(Beginning of Supplied data)

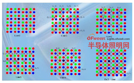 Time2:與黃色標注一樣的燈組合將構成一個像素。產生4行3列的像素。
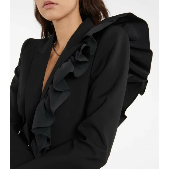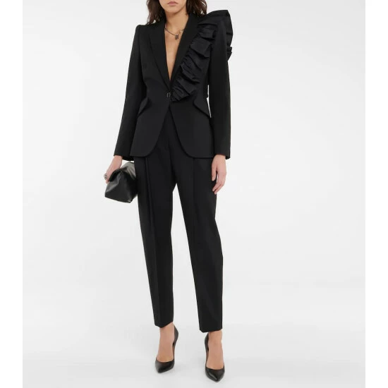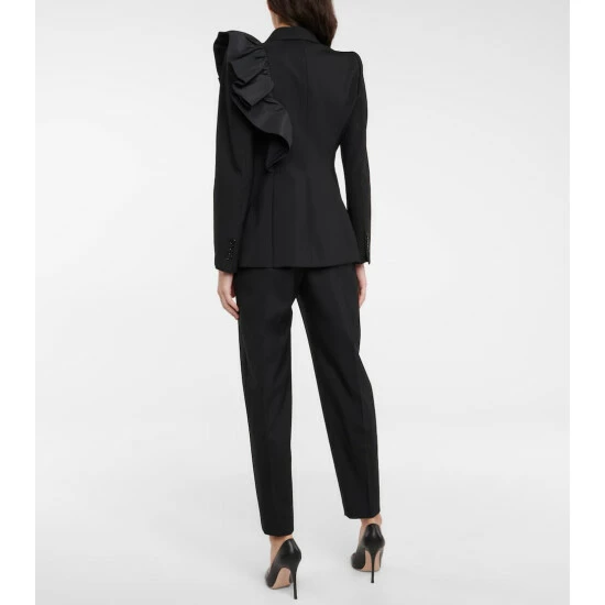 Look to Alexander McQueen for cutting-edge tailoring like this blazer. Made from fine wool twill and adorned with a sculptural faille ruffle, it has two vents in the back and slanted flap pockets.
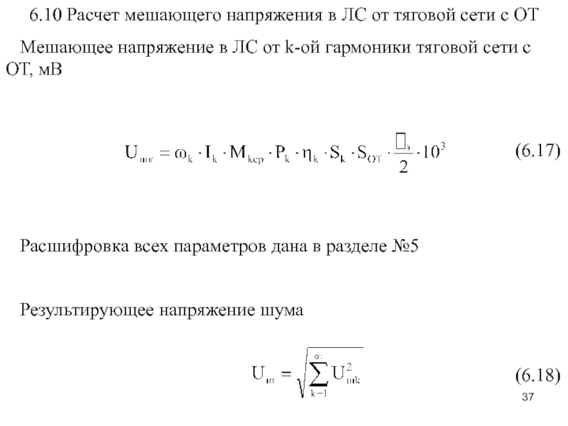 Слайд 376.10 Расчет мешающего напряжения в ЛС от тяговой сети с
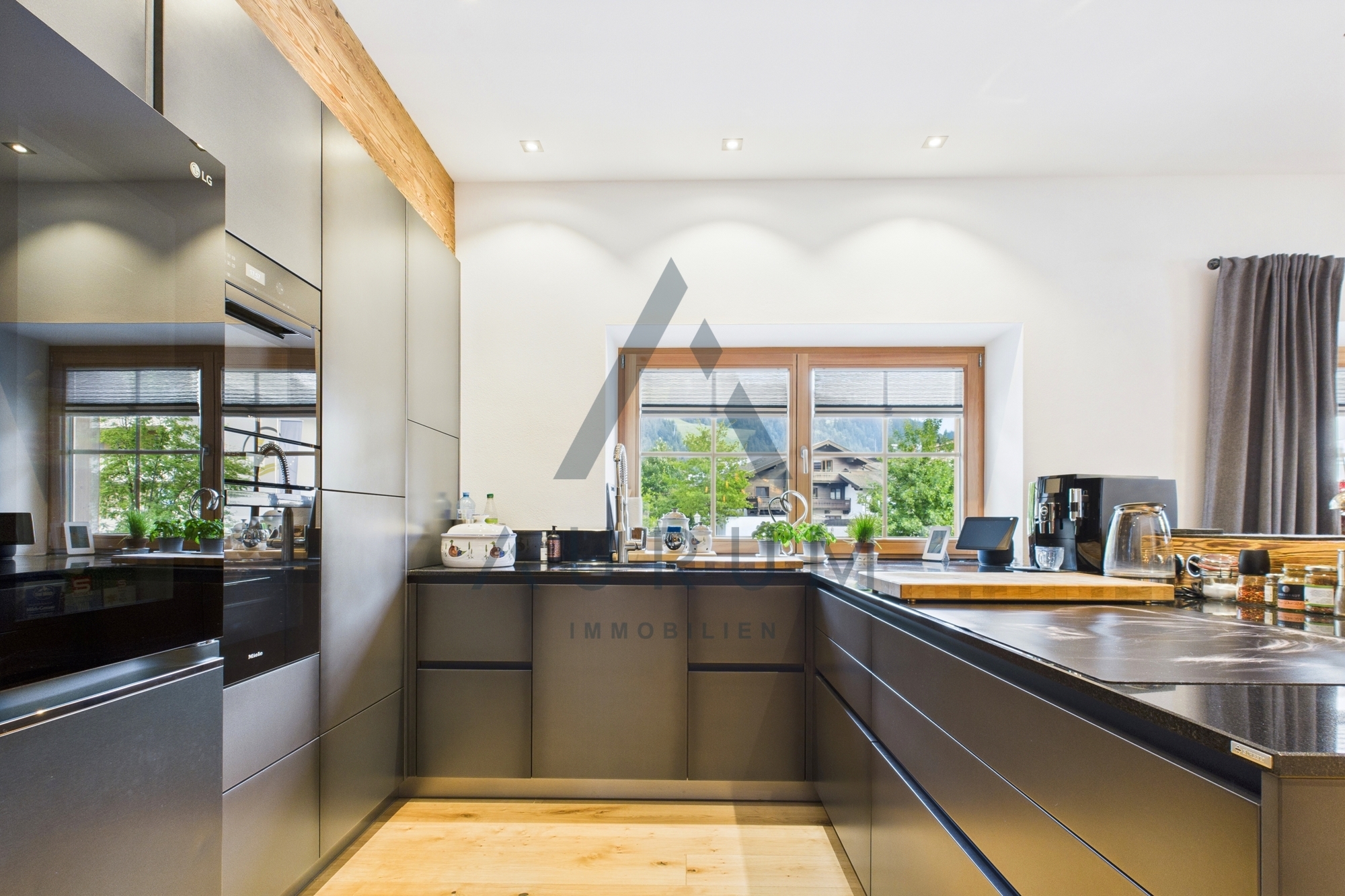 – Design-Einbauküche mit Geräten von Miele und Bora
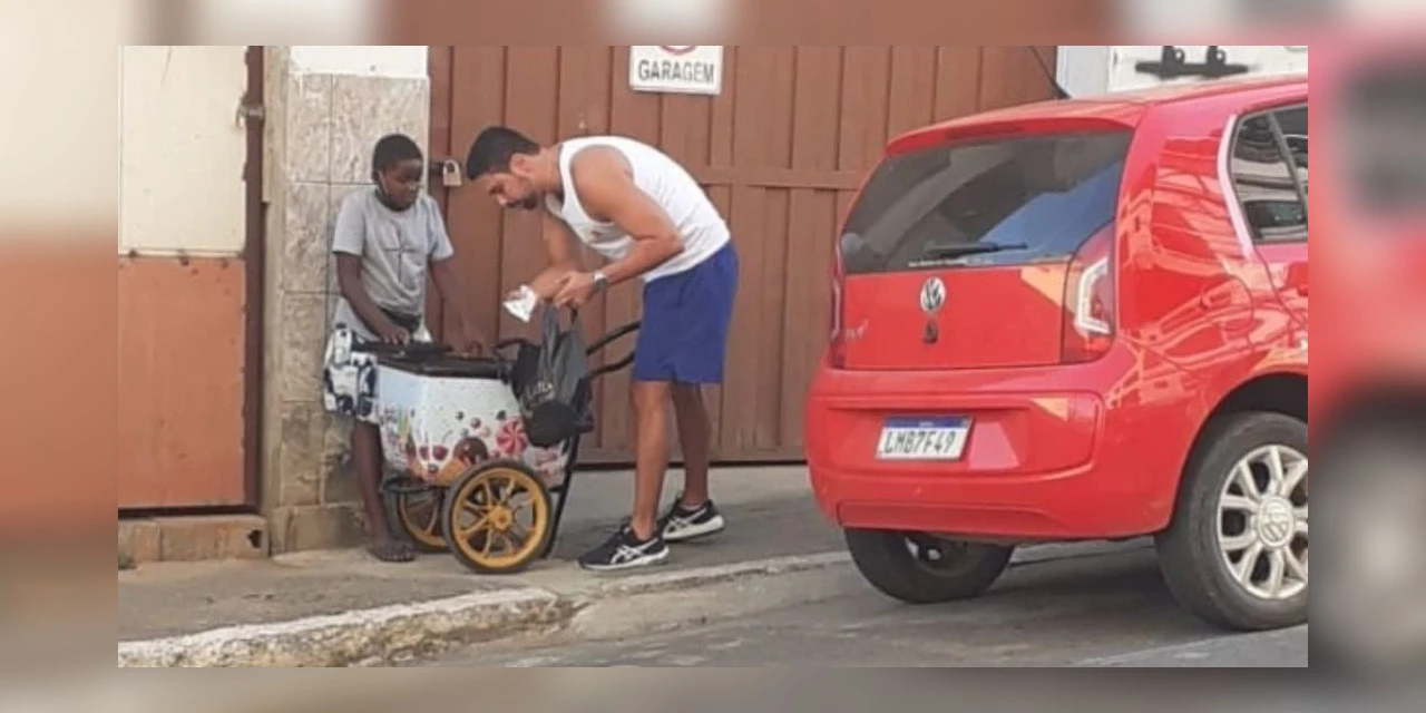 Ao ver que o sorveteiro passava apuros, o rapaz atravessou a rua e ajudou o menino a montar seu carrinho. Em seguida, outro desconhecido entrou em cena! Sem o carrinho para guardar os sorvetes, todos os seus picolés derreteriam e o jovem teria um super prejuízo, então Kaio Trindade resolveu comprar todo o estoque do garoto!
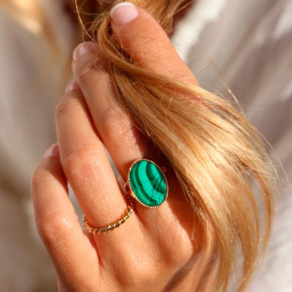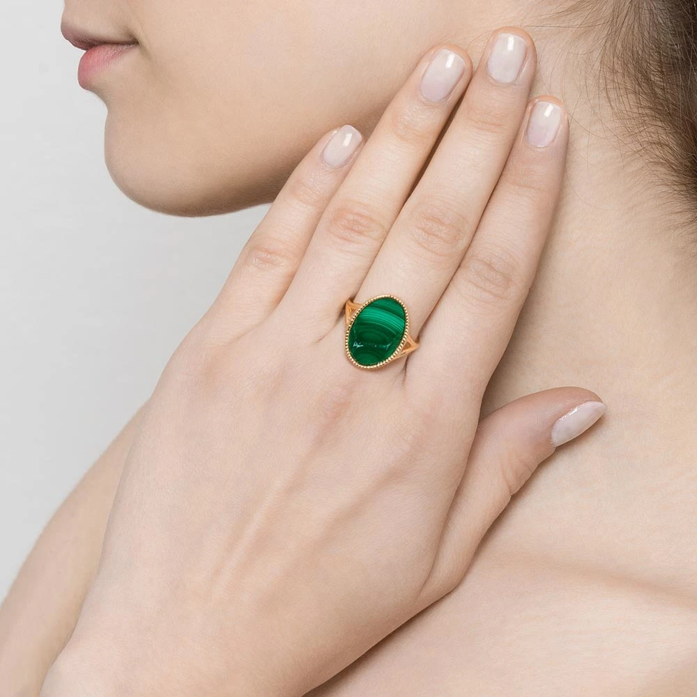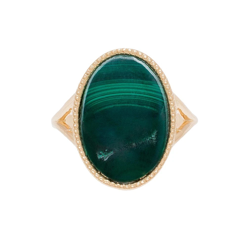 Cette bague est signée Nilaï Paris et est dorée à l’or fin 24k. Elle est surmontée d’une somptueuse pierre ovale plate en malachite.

(End of Supplied data)

- **Exercise description**: Omit any images, then output the listing exactly.

- **Written solution**:
 Time2:與黃色標注一樣的燈組合將構成一個像素。產生4行3列的像素。
 Look to Alexander McQueen for cutting-edge tailoring like this blazer. Made from fine wool twill and adorned with a sculptural faille ruffle, it has two vents in the back and slanted flap pockets.
 Слайд 376.10 Расчет мешающего напряжения в ЛС от тяговой сети с
 – Design-Einbauküche mit Geräten von Miele und Bora
 Ao ver que o sorveteiro passava apuros, o rapaz atravessou a rua e ajudou o menino a montar seu carrinho. Em seguida, outro desconhecido entrou em cena! Sem o carrinho para guardar os sorvetes, todos os seus picolés derreteriam e o jovem teria um super prejuízo, então Kaio Trindade resolveu comprar todo o estoque do garoto!
 Cette bague est signée Nilaï Paris et est dorée à l’or fin 24k. Elle est surmontée d’une somptueuse pierre ovale plate en malachite.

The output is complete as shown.